The look worked for him.
He was hotter than hot.
As if he felt my attention, he turned his head ever so slightly to meet it. His eyes roamed down my body and back up again. My breath caught at the heat in his gaze.
I reminded myself not to take his perusal too seriously. Especially as I didn’t know where the hell he’d been last night.
Knowing we had a bunch of cameras to face while we pretended to be in love, I didn’t approach Baird with the intention of arguing. However, every step I took toward him, I grew more and more irritated.
“Hey, babe. You look amazing.” He drew away from the assistants to place a hand on my waist. He bent his head to brush his lips over mine.
It startled me for two point five seconds before I realized we were supposed to be an engaged couple. My lips tingled and I tried not to tense.
“You ready for this?” Baird asked.
I glanced around to make sure there wasn’t anyone in immediate earshot and then I turned to him and asked quietly, “Where were you?”
His hand fell away from my waist at my tone. “I know I’m a bit late. Traffic was busier than I thought it would be.”
“I know traffic was busier. I know this because the taxi cost me over a hundred quid to get here.”
Baird winced. “Shit. Sorry.”
“I don’t need to rely on you to take me anywhere, but next time, give me more notice so I can arrange better transport.”
“Maia—”
“Were you out carousing last night?” I studied him, looking for signs of a hangover.
Baird’s eyebrows pinched together. “No. I wasn’t.”
I waited for him to tell me where he was.
At his silence, I shook my head. “This is a disaster. This is going to fall apart. I’m going to lose my job.”
Suddenly, he took hold of my right biceps and tugged me toward the trailers.
“What are you doing?” I hissed. “People are watching.”
“Fuck them.” He threw open the trailer door, and I hurried in after him, my cheeks blazing with embarrassment.
Baird released me to stride through the trailer, checking to make sure it was empty, and then he turned to me.
“I had the worst fucking weekend of my career. We thought we had it. And we lost. You have no idea what that feels like. And it would be nice if you could think beyond yourself for just one bloody second.”
I swallowed hard at his uncharacteristic reprimand.
“I … I am really sorry about the championship, Baird. You know I am. And you know I feel that for you. But this”—I gestured around us—“is terrifying. And the first day we start it, you’re nowhere to be seen and you’re off getting fucked somewhere on who knows what with who knows who.
You promised. You promised you wouldn’t and that you could do this for three months.
Just three months, Baird, and then you can go back to your empty parties and as many women as you want. ”

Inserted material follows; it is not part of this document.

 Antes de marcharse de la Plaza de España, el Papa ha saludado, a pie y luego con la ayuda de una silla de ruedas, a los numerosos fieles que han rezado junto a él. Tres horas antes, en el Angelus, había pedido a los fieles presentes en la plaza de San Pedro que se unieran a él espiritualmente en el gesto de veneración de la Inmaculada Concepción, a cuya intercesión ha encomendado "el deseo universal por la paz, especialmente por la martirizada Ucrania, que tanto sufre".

Suddenly, the air in the trailer grew thick as I watched Baird’s eyes darken with the kind of anger I’d never seen from him. At least not directed toward me.
“Well?” I jutted my chin in defiance of his outrage.

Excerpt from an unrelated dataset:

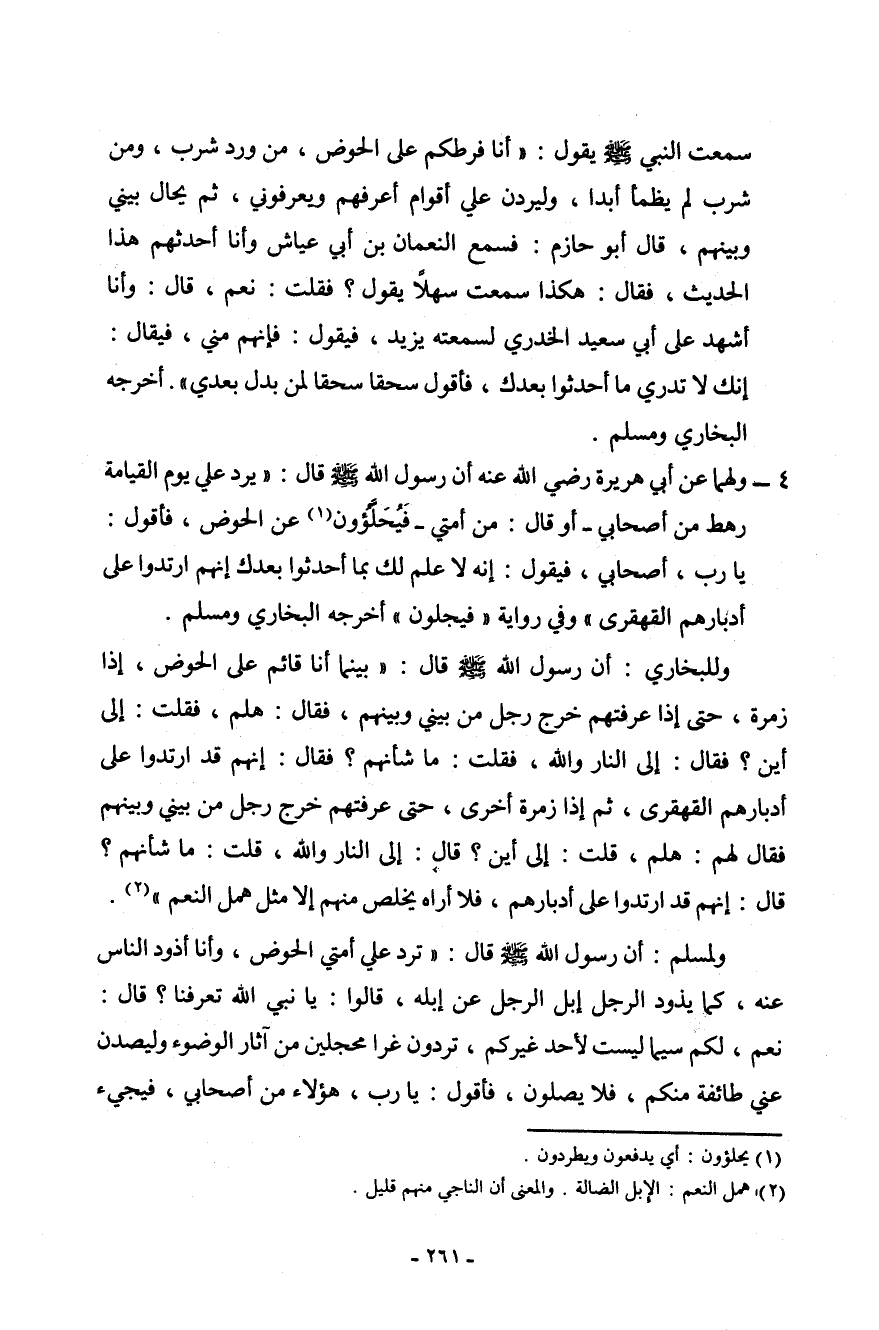 وفي أخرى: " إن حوضي أبعد من أيلة من عدن، لهو أشد بياضاً من الثلج، وأحلى من العسل باللبن، ولآنيته أكثر من عدد النجوم، وإني لأصد الناس عنه كما يصد الرجل إبل الناس عن حوضه، قالوا: يا رسول الله، أتعرفنا يومئذ؟ قال: نعم، لكما سيما (¬1) ليست

He kept his distance and sucked in a breath before releasing it.
“Do you want to know where I was last night? I was with Callan, collecting John from Newcastle. Because before the game, the owner told John he’s not renewing his contract.
One of my best mates is off the team. The gaffer was pissed as hell because he knew that would mess with our heads going into the game, and it did.
So not only are we losing John to Canada, but we also lost the championship, and we’re going forward with an incompetent fucking owner who didn’t have the common sense to wait until he delivered that soul-destroying news.
“John fucked off to Newcastle to get absolutely smashed, got into a bit of bother, and Callan and I hauled our arses down there to get him. I didn’t get home until four o’clock this morning, and I was late getting here because I was trying to get a bit of sleep before launching into this circus with you. ”
I closed my eyes as regret and shame filled me, followed by sadness for Baird and John. “Bear …”
I opened my eyes as Baird finally closed the distance between us. He bent his head toward me and I flinched at the reproach in his expression. “I wish you’d stop deciding who I am for me. I wish you’d start trusting me. I’m not your mum, Maia.”
My body physically jerked at his words.
His reproach softened to regret. Then he shook his head and muttered a harsh fuck under his breath before he marched out of the trailer.